This study had many notable strengths and some limitations. Strengths include longitudinal, objective measures of yard-size and physical activity, over 90% cohort retention in follow up, and the unique sample of low-income children and parents. One notable limitation of this study is that many multifamily housing units like apartments, town homes and condominiums were recorded as a single parcel in the parcel dataset. Because of this limitation, apartments, town homes, and condos were recorded as having much larger yard sizes than single family houses and duplexes in this study. Further, the average yard area in this study was 0.7 hectare, much larger than the recent estimate of 0.06 hectares of yard for new construction of homes,(McGill, 2016) which may limit generalizability to other geographic regions. In particular the relationship between lot size and socioeconomic status may be complex in the United States, where some wealthy areas like New York city may have smaller lots even though larger lots within the same community are generally associated with high home value and therefore higher socioeconomic status.

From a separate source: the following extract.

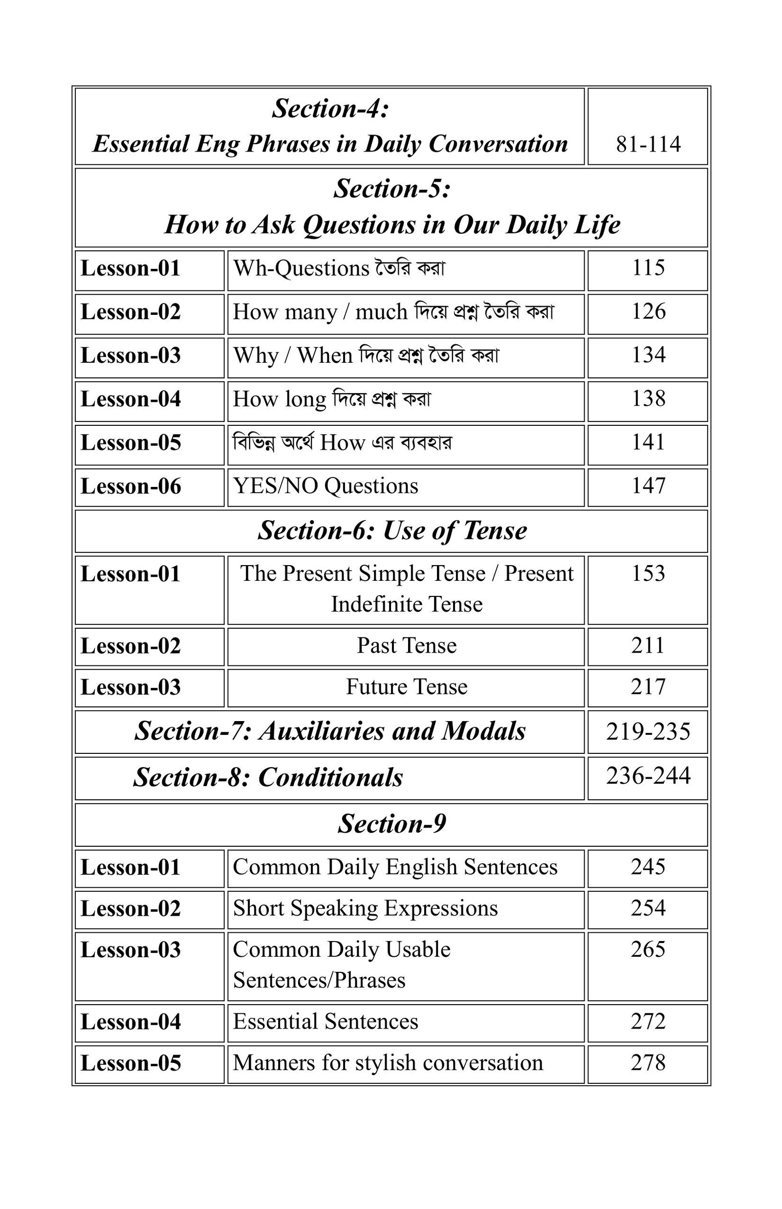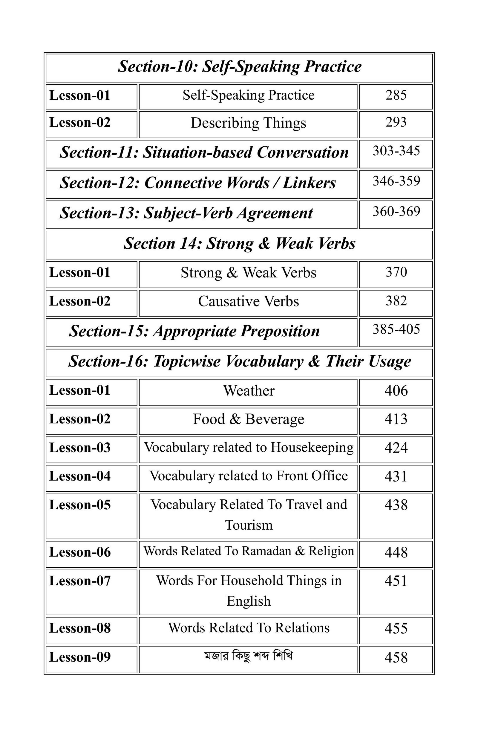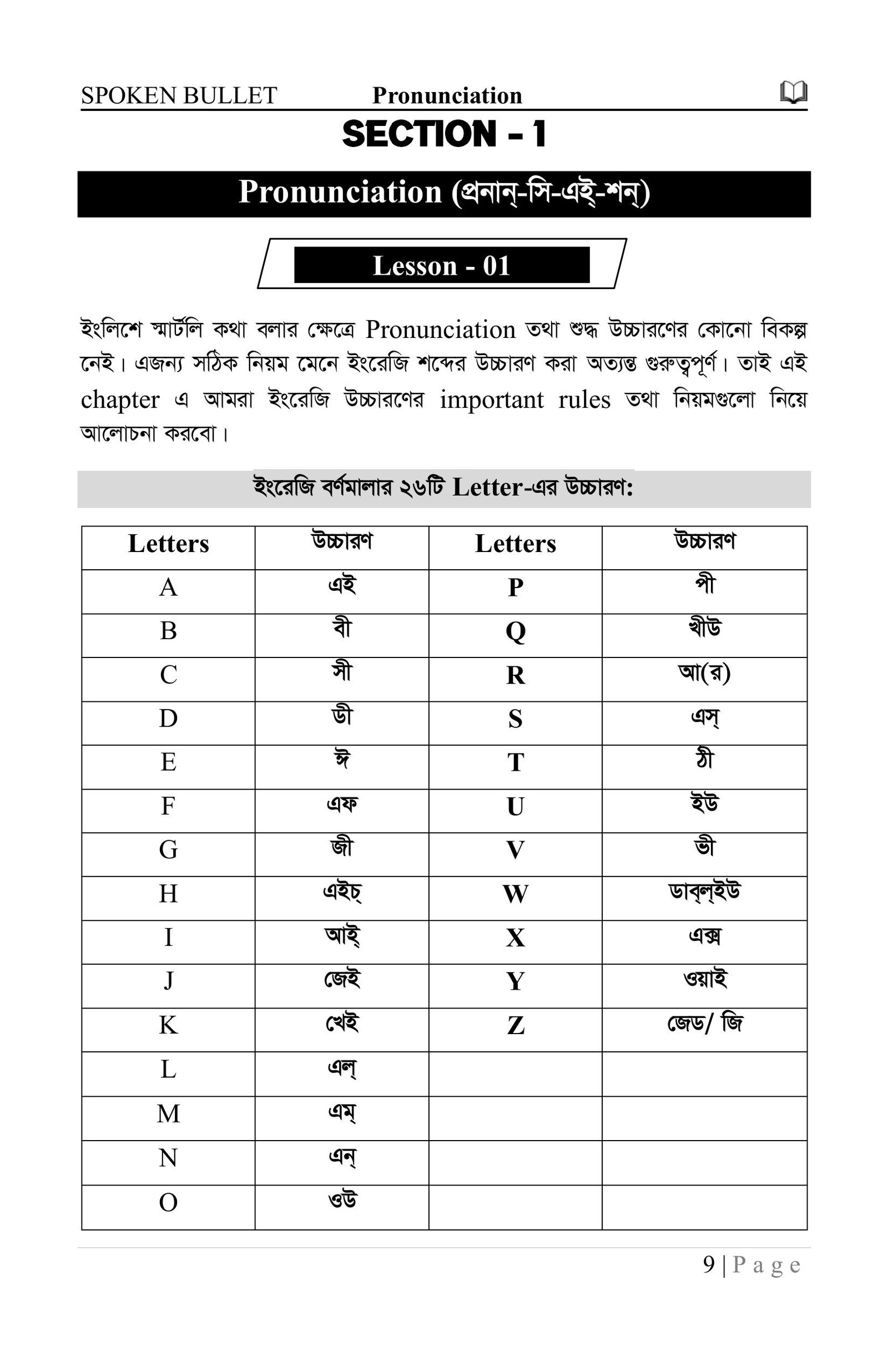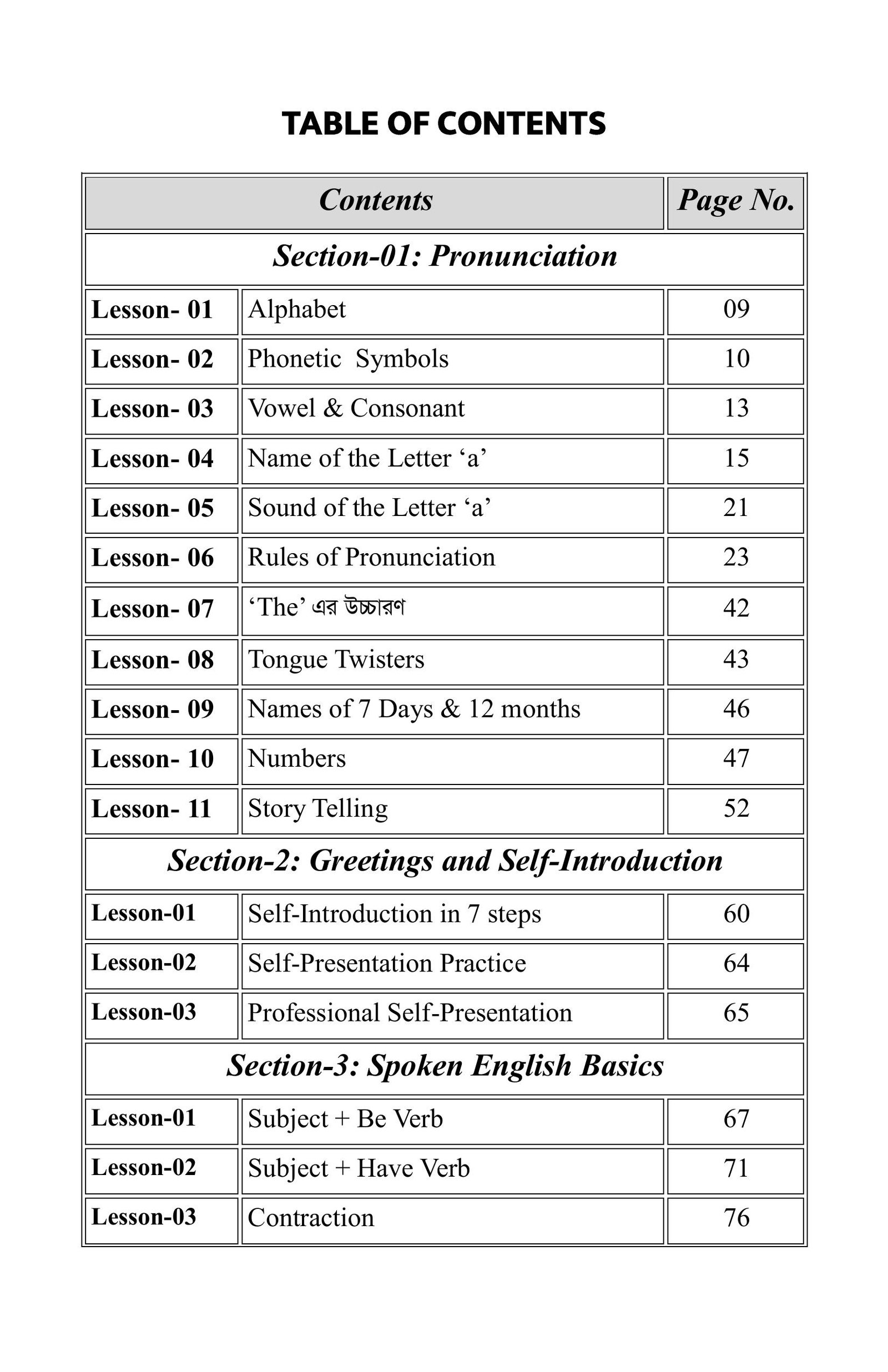 বইটিতে মোট ১৯টি Section রয়েছে। এর শুরুতেই রাখা হয়েছে "Pronunciation" নামক একটি বিশেষ অধ্যায়। আমাদের অধিকাংশ শিক্ষার্থীর জন্য ইংরেজি উচ্চারণ বা "Pronunciation" বিষয়টি একেবারেই নতুন হওয়ায় এ বিষয়ে ভীতি কাজ করে। এ বিষয়টি বিবেচনা করেই ইংরেজি ভাষার শুদ্ধ উচ্চারণের নিয়মগুলোকে একেবারে Beginner Level থেকে সহজ ও সাবলীলভাবে অসংখ্য উদাহরণের মাধ্যমে বিশদভাবে ব্যাখ্যা করা হয়েছে। এর পাশাপাশি "Pronunciation" বিষয়ক আমার ভিডিও লেসনও যুক্ত করা হয়েছে। যদি কোনো শিক্ষার্থী এই অধ্যায়ের প্রতিটি অংশ মনোযোগ দিয়ে পড়ে, ভিডিও লেসনগুলো নিয়মিত দেখে ও চর্চা করে, তবে তার ইংরেজি উচ্চারণ শুদ্ধ করার ক্ষেত্রে এক নতুন দুয়ার উন্মুক্ত হবে- ইনশাআল্লাহ।

Condominiums and townhomes had the biggest yard footprint, and this limits our ability to fully describe the access to private space for physical activity for children living in these multifamily developments as the space around condominiums and townhomes may not be fully private. In some cases, children may only have access to the part of the development immediately near their condominium or townhome. In other cases, children may have access to the entire grounds of the development. The height of the multifamily development may also impact the accessibility of the private or semi-private greenspace as children on higher floors may be less likely to descend the stairs to get to green-space. Some condominium complexes may have playgrounds or pools, essentially giving children access to a private park. This mechanism could help explain a previous finding by Aarts et al. (2010) that 4 to 6 year old boys living in rental properties showed more physical activity than boys living in owned properties. While our study did not find a statistical difference in physical activity by residence type, the mean physical activity was highest for children living in condominiums or townhomes. Future work should aim to better characterize the private or semi-private space available for physical activity in multifamily developments, including the resources available within the entire condominium or townhome complex beyond resources available within children’s’ immediate dwelling unit to measure and test effects of private space resources on children’s’ physical activity. It could also be the case that the self-governance of condominium and townhome developments promotes interactions between neighbors, and the proximity to other families with young kids might have a role in supporting physical activity of young children.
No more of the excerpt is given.